**Task details**
Reproduce the listing below exactly. Pictures do not belong in the copy.

**Given information**

__________________________________________________

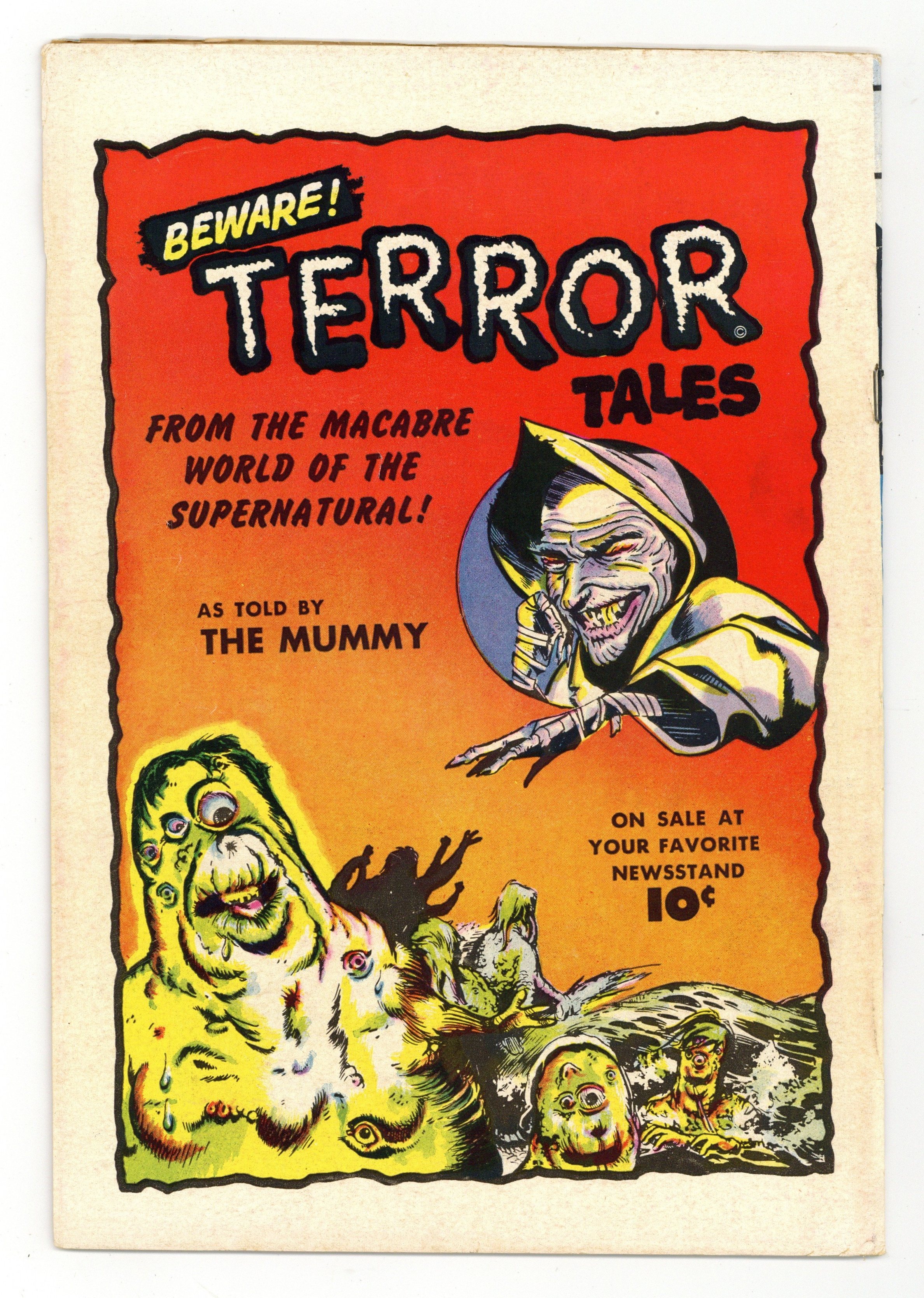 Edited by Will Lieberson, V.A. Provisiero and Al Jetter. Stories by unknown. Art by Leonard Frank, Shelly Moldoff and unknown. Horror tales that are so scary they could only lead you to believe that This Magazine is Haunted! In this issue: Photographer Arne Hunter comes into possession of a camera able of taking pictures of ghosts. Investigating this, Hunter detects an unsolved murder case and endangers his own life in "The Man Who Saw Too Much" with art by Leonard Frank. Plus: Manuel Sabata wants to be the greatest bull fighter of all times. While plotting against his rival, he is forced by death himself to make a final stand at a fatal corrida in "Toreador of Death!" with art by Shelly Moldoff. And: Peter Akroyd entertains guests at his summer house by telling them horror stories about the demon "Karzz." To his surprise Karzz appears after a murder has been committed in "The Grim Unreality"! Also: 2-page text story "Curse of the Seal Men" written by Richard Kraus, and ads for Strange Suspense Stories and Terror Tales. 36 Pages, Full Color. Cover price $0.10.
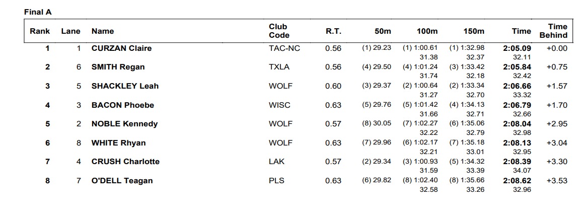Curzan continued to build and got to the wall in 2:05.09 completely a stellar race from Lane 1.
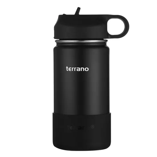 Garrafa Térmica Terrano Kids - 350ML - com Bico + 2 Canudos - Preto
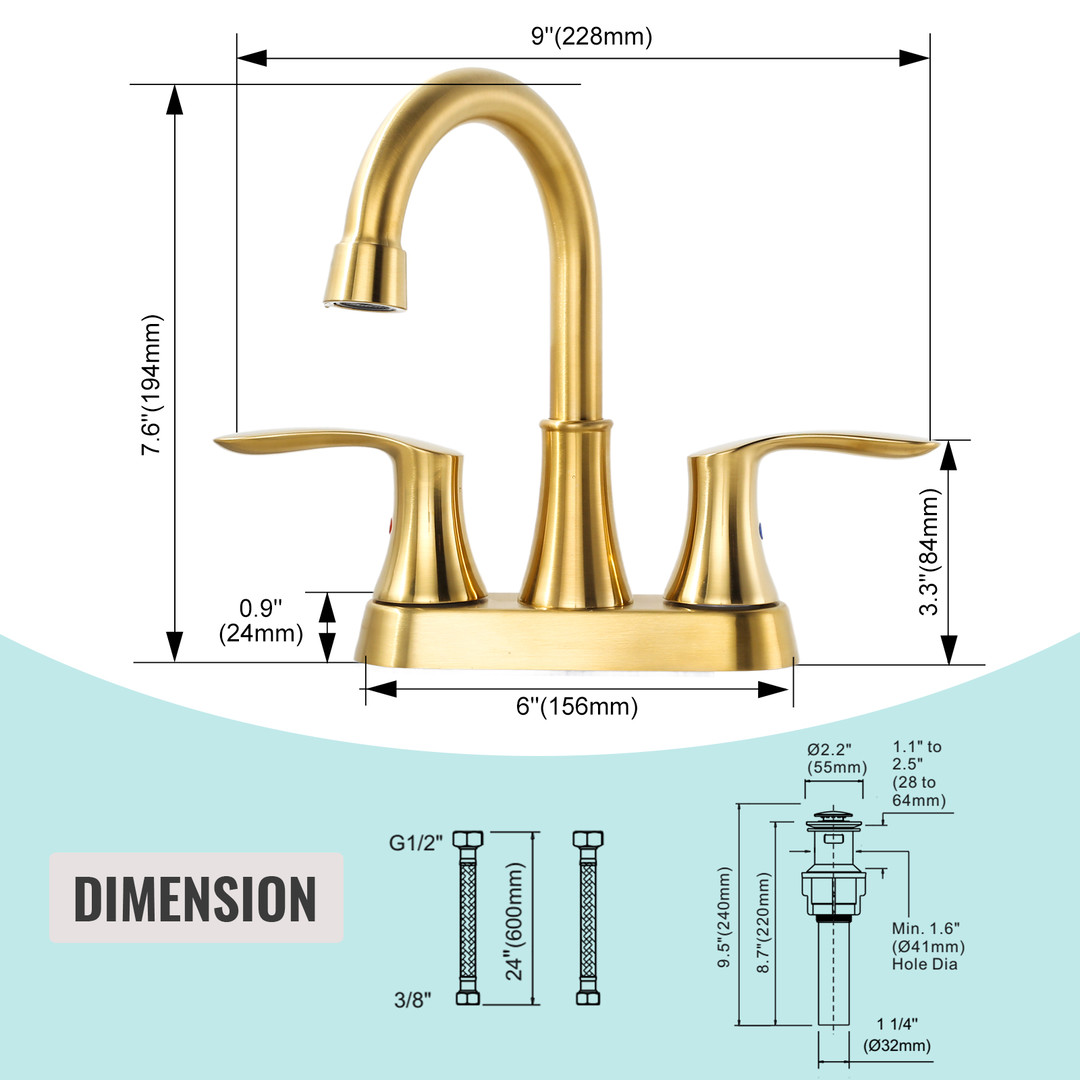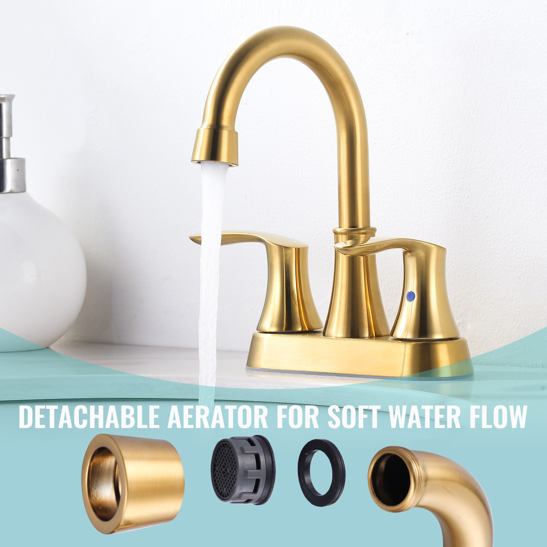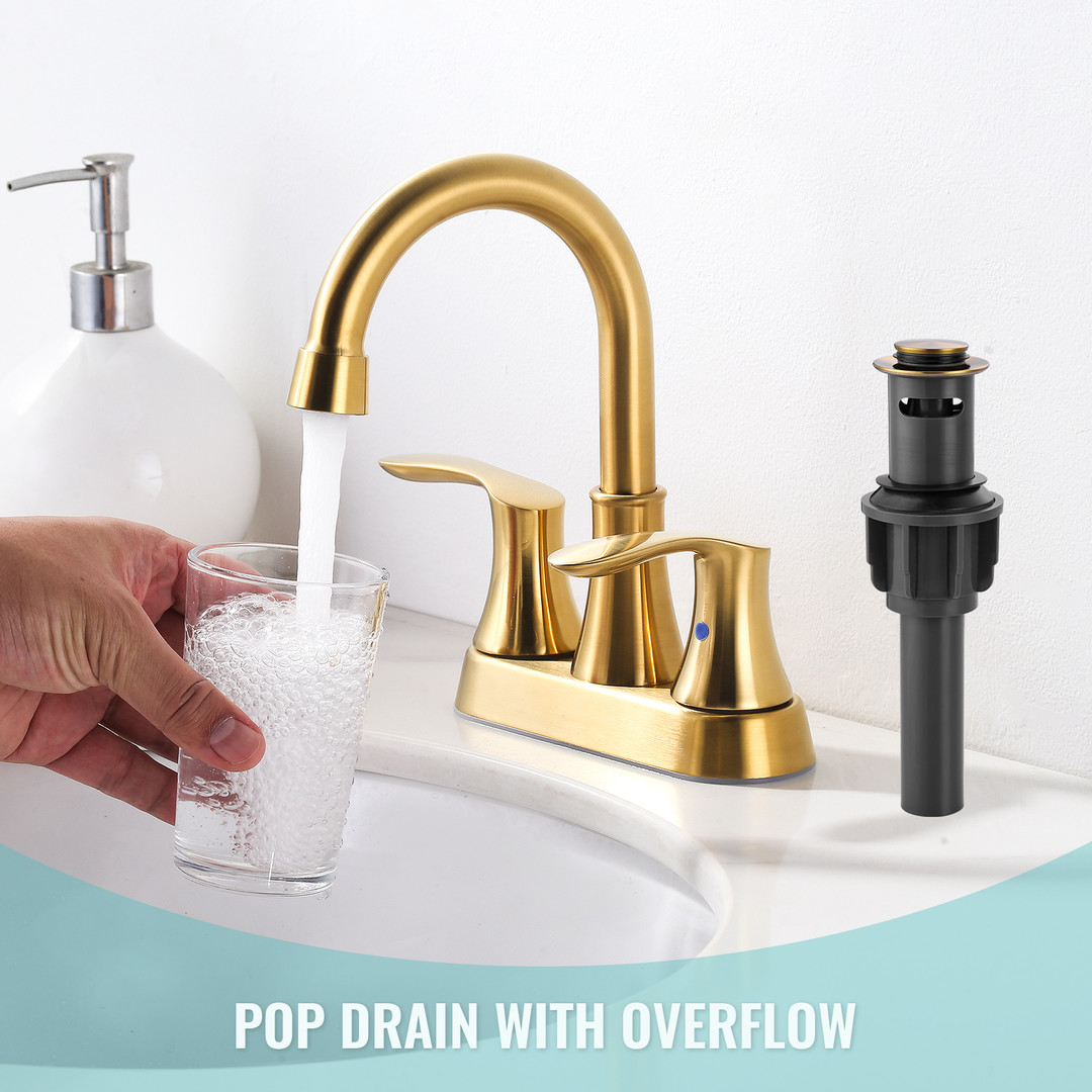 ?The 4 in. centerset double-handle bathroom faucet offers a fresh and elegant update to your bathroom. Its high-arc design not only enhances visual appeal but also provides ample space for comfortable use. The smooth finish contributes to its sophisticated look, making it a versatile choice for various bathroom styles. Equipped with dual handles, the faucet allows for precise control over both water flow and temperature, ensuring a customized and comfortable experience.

__________________________________________________

**Result for this task**
 Edited by Will Lieberson, V.A. Provisiero and Al Jetter. Stories by unknown. Art by Leonard Frank, Shelly Moldoff and unknown. Horror tales that are so scary they could only lead you to believe that This Magazine is Haunted! In this issue: Photographer Arne Hunter comes into possession of a camera able of taking pictures of ghosts. Investigating this, Hunter detects an unsolved murder case and endangers his own life in "The Man Who Saw Too Much" with art by Leonard Frank. Plus: Manuel Sabata wants to be the greatest bull fighter of all times. While plotting against his rival, he is forced by death himself to make a final stand at a fatal corrida in "Toreador of Death!" with art by Shelly Moldoff. And: Peter Akroyd entertains guests at his summer house by telling them horror stories about the demon "Karzz." To his surprise Karzz appears after a murder has been committed in "The Grim Unreality"! Also: 2-page text story "Curse of the Seal Men" written by Richard Kraus, and ads for Strange Suspense Stories and Terror Tales. 36 Pages, Full Color. Cover price $0.10.
Curzan continued to build and got to the wall in 2:05.09 completely a stellar race from Lane 1.
 Garrafa Térmica Terrano Kids - 350ML - com Bico + 2 Canudos - Preto
 ?The 4 in. centerset double-handle bathroom faucet offers a fresh and elegant update to your bathroom. Its high-arc design not only enhances visual appeal but also provides ample space for comfortable use. The smooth finish contributes to its sophisticated look, making it a versatile choice for various bathroom styles. Equipped with dual handles, the faucet allows for precise control over both water flow and temperature, ensuring a customized and comfortable experience.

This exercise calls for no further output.